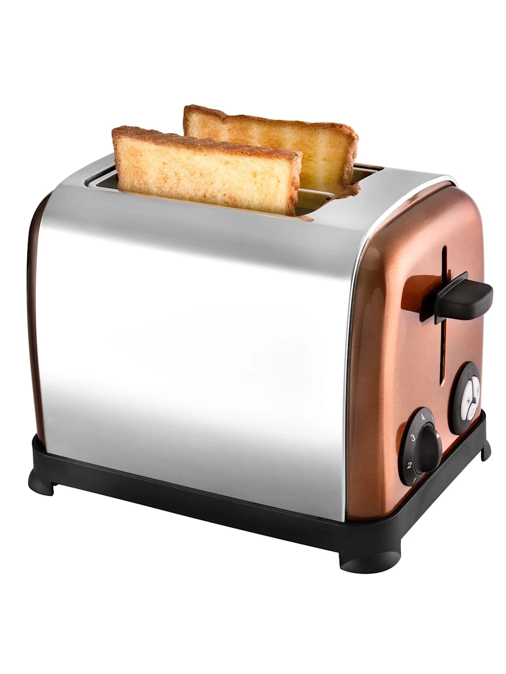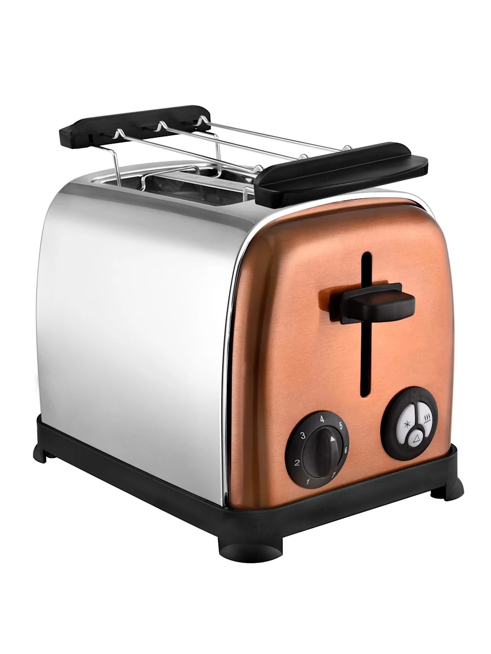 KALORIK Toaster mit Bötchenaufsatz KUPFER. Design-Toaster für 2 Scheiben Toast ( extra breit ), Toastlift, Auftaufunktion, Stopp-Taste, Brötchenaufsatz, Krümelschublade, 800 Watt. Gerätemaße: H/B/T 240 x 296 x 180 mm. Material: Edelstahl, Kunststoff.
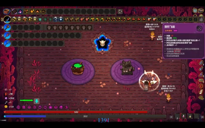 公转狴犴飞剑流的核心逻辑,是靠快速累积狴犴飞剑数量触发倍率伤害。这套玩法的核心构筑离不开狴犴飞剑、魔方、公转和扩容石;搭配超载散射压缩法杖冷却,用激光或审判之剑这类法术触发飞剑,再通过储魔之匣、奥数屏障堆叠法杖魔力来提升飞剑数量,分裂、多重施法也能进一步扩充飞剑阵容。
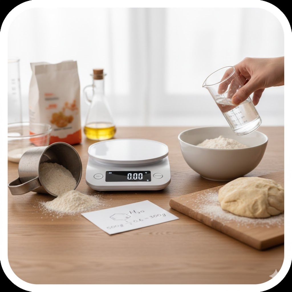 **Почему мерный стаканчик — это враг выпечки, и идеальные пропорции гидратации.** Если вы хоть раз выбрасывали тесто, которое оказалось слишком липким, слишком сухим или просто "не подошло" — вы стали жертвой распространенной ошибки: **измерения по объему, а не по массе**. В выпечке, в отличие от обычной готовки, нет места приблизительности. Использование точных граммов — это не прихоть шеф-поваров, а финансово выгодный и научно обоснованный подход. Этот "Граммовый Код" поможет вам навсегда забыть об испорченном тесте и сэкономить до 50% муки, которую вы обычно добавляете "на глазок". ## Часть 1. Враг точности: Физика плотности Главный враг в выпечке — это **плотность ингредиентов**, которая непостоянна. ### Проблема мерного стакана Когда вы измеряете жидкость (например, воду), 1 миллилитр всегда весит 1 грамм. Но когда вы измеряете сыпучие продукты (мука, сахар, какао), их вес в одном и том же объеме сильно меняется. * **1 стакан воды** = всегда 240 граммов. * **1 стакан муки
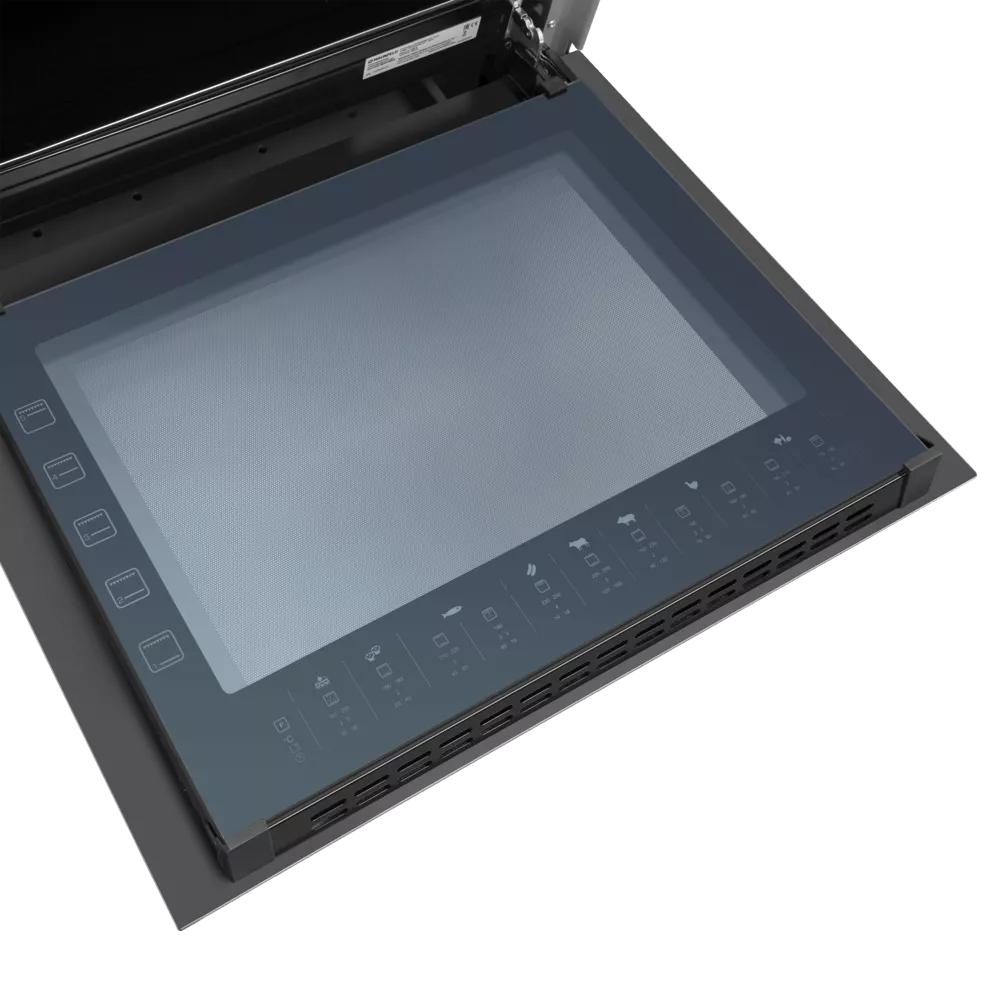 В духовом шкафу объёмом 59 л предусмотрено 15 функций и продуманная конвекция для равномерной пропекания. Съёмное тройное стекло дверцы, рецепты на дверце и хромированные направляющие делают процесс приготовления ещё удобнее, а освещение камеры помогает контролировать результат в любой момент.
...
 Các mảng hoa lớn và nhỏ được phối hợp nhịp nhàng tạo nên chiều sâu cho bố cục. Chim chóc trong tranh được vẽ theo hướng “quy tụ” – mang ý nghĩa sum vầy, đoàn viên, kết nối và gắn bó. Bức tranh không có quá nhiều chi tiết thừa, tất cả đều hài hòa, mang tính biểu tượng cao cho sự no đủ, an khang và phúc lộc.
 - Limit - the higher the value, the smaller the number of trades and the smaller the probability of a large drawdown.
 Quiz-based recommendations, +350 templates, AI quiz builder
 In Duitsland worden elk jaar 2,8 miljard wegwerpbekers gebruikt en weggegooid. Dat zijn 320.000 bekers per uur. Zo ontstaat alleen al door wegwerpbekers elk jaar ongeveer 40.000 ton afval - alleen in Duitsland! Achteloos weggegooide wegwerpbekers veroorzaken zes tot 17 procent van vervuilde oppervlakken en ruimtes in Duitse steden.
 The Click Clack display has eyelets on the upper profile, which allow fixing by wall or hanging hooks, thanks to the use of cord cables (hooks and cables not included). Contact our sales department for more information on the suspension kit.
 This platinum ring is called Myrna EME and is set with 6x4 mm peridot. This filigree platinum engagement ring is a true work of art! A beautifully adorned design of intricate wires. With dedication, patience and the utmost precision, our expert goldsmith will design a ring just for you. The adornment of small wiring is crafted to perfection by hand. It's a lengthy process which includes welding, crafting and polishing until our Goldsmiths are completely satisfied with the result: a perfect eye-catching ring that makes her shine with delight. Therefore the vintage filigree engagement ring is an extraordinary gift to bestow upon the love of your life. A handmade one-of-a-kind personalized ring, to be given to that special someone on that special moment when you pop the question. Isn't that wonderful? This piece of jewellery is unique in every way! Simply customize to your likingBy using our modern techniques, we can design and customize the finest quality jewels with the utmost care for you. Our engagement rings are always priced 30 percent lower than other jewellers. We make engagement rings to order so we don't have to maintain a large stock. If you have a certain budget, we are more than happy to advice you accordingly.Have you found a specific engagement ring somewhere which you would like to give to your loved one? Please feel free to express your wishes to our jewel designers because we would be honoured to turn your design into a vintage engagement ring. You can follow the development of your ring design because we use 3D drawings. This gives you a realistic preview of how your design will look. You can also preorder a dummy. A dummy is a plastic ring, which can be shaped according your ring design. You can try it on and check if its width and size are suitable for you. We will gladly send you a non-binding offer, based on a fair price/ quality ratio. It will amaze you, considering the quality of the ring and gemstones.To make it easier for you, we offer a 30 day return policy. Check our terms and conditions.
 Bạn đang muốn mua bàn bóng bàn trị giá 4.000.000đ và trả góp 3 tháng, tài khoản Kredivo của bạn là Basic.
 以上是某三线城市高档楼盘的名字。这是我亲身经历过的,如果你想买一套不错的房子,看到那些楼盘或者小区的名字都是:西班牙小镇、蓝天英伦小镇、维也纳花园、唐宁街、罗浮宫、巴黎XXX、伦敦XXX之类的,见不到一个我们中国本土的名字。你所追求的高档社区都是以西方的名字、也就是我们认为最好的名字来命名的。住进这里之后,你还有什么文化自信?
...
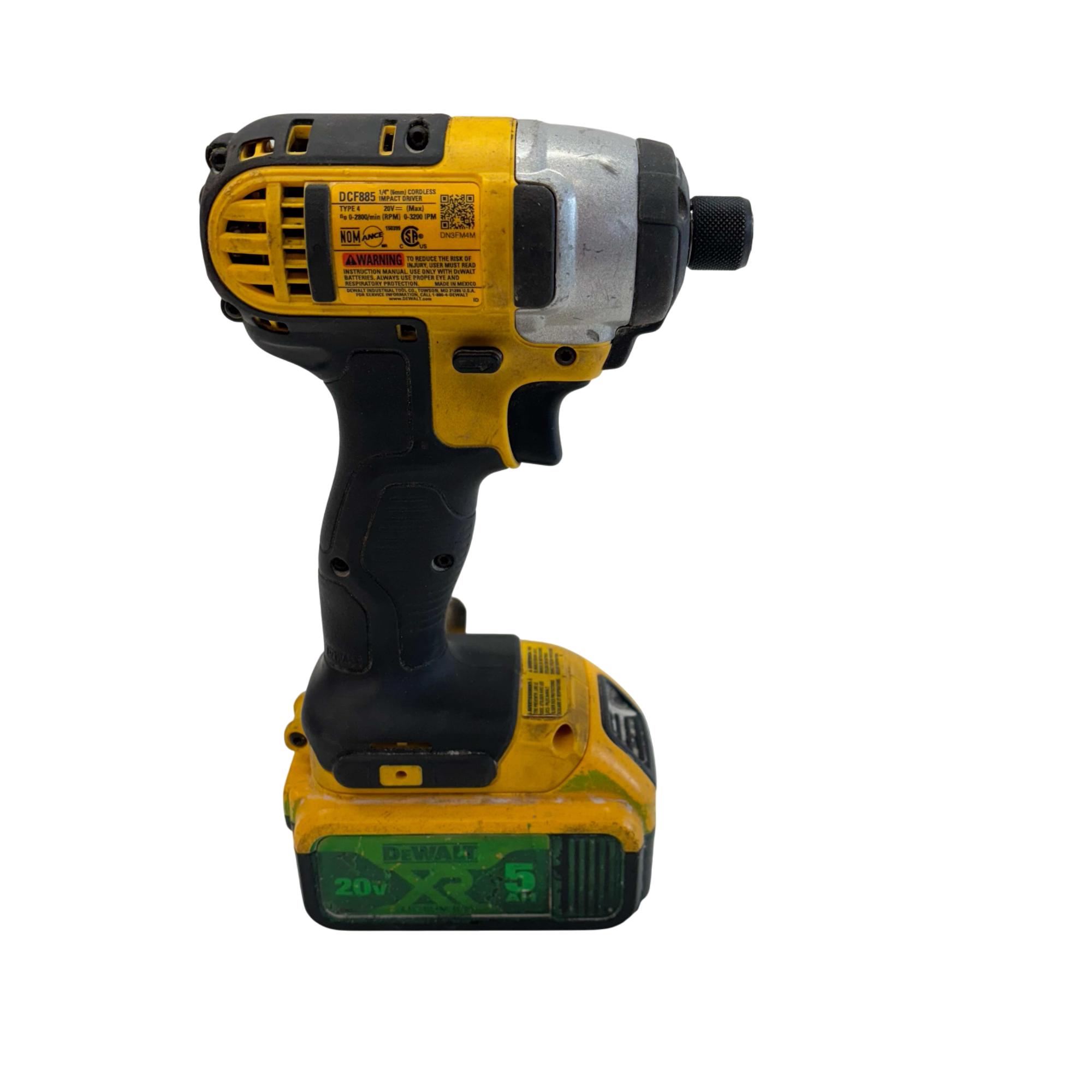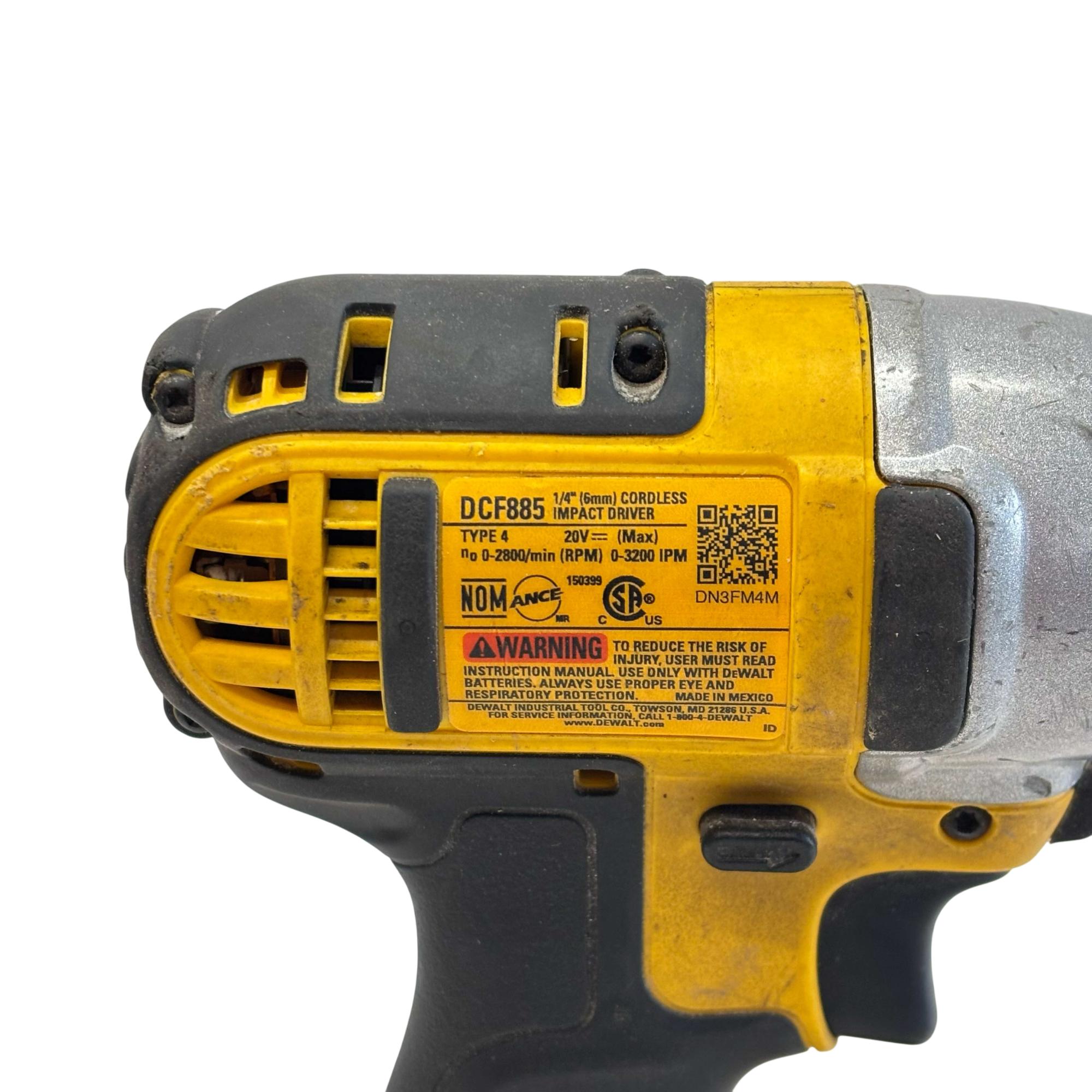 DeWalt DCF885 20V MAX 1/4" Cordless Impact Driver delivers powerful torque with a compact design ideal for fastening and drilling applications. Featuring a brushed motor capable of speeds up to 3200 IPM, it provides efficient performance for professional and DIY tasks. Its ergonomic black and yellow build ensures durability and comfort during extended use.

> **INSTRUCTIONS FOR THE TASK**
Transcribe the lines above between the line holding "Bạn đang muốn" and the line holding "以上是某三线城市高档楼盘的名", inclusive, exactly as they stand and with nothing added.

> **TASK SOLUTION**
 Bạn đang muốn mua bàn bóng bàn trị giá 4.000.000đ và trả góp 3 tháng, tài khoản Kredivo của bạn là Basic.
 以上是某三线城市高档楼盘的名字。这是我亲身经历过的,如果你想买一套不错的房子,看到那些楼盘或者小区的名字都是:西班牙小镇、蓝天英伦小镇、维也纳花园、唐宁街、罗浮宫、巴黎XXX、伦敦XXX之类的,见不到一个我们中国本土的名字。你所追求的高档社区都是以西方的名字、也就是我们认为最好的名字来命名的。住进这里之后,你还有什么文化自信?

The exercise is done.